Ao longo da Conferência, o Brasil ensaiou uma série de argumentos visando desfazer essa distinção. Reivindicou a participação das potências menores em todas as comissões e sessões, e não apenas aquelas em que seus interesses diretos estivessem em questão; pressionou para que potências menores pudessem ter maior participação na comissão que elaboraria o Pacto da Liga das Nações e buscou garantir que todos os integrantes da Liga tivessem assento permanente em seu Conselho (Ibid., p. 31-37). Em alguns desses momentos, obteve êxito; em vários outros, não.

O que esses dois momentos – Haia e Paris – têm em comum é que em ambos, o Brasil viu-se em um foro onde teve oportunidade de pronunciar-se sobre a natureza da ordem internacional e o fez no sentido de defender uma ordem caracterizada pelo reconhecimento da igualdade jurídica dos Estados e não das desigualdades de poder entre eles. Todavia, em nenhum dos dois casos imaginou-se que haveria uma possibilidade concreta de o Brasil encontrar um lócus que lhe permitiria opinar e influenciar de forma constante sobre a forma da ordem e seu gerenciamento.

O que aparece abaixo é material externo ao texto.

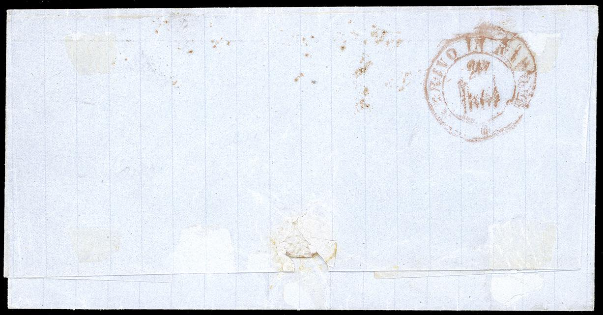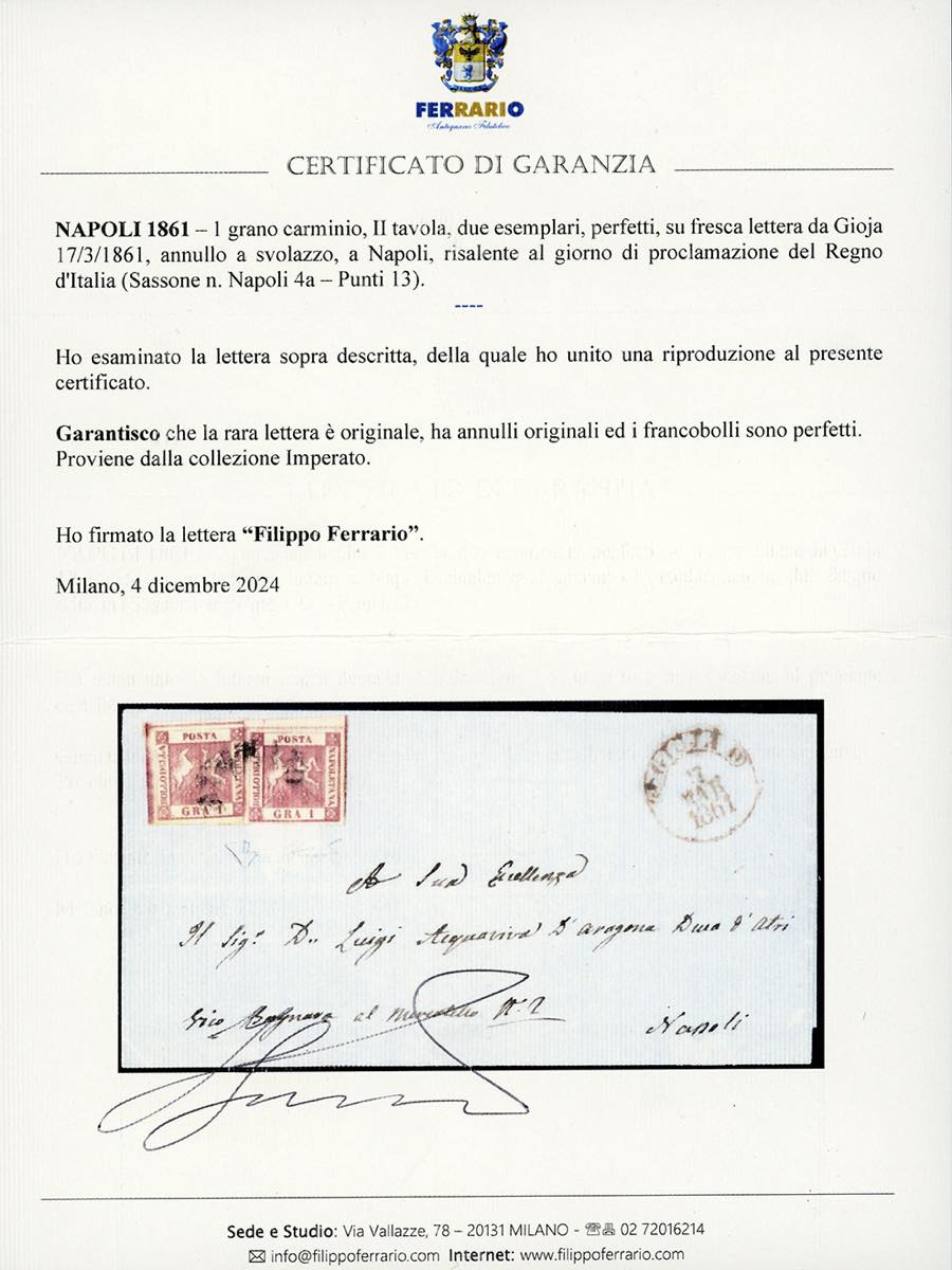1861 - 1 grano carminio, II tavola (4a), due esemplari, perfetti, su fresca lettera da Gioja 17 marzo 1861, GIORNO DELLA PROCLAMAZIONE DEL REGNO D'ITALIA, annullo a svolazzo (punti 13), a Napoli. Splendida e rara. Enzo Diena, cert. Ferrario.

Mesmo quando surgiu, na década de 1920, a idéia de o Brasil pleitear um assento permanente no Conselho da Liga das Nações, não parece ter-se firmado de forma clara no imaginário dos formuladores da política externa a idéia de que o País poderia, por meio desse

assento, exercer algum tipo de efeito transformador sobre a ordem. Conforme aponta Vargas Garcia, a campanha brasileira por um assento permanente no Conselho da Liga visava “garantir a conservação do Brasil no órgão de cúpula da Liga em uma situação de igualdade em relação às grandes potências [...] e explorar politicamente essa conquista para angariar apoio interno” (Ibid., p. 138-139). Mesmo a situação de “igualdade” com as grandes potências era enxergada em termos da “dignidade nacional” e do prestígio relativo do Brasil no continente americano, e não da oportunidade de se participar de decisões que efetivamente teriam algum impacto nas fortunas do País.

Em São Francisco e Bretton Woods, o Brasil pôde se imiscuir, mais uma vez, na reconstrução da ordem internacional após um cataclismo bélico. Foi, todavia, apenas em fins da década de 1950, quando o surgimento do Movimento Não-Alinhado anunciava o fim da era da bipolaridade rígida e o conseqüente surgimento de um importante “espaço para criação” nas relações internacionais, que se modificou sensivelmente a percepção brasileira acerca de suas possibilidades de participação no gerenciamento da ordem internacional.